Investigations of high-performance GaAs solar cells grown on Ge-Si_1-xGe_x-Si substrates

High-performance p⁺/n GaAs solar cells were grown and processed on compositionally graded Ge-Si_1-xGe_x-Si (SiGe) substrates. Total area efficiencies of 18.1% under the AM1.5-G spectrum were measured for 0.0444 cm² solar cells. This high efficiency is attributed to the very high open-circuit voltages (980 mV (AMO) and 973 mV (AM1.5-G)) that were achieved by the reduction in threading dislocation density enabled by the SiGe buffers, and thus reduced carrier recombination losses. This is the highest independently confirmed efficiency and open-circuit voltage for a GaAs solar cell grown on a Si-based substrate to date. Larger area solar cells were also studied in order to examine the impact of device area on GaAs-on-SiGe solar cell performance; we found that an increase in device area from 0.36 to 4.0 cm² did not degrade the measured performance characteristics for cells processed on identical substrates.
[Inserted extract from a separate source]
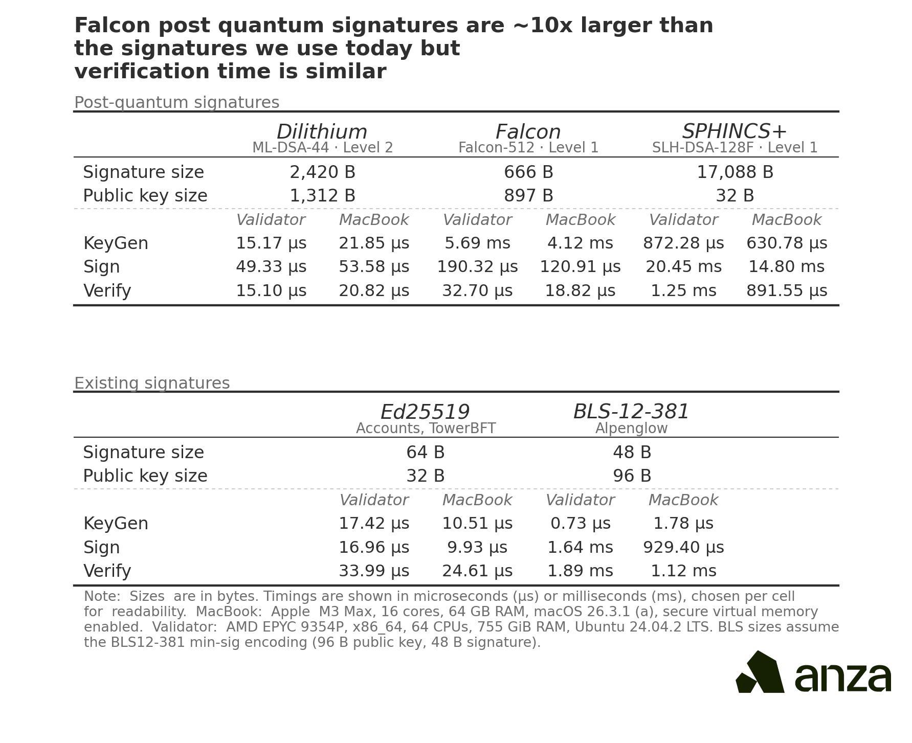 The main downside of post-quantum signatures is size. FALCON signatures, the smallest of the three NIST schemes, are roughly 10 times larger than Ed25519 signatures.

Moreover, the device performance uniformity for large area heteroepitaxial cells is consistent with that of homoepitaxial cells; thus, device growth and processing on SiGe substrates did not introduce added performance variations. These results demonstrate that using SiGe interlayers to produce "virtual" Ge substrates may provide a robust method for scaleable integration of high performance III-V photovoltaics devices with large area Si wafers.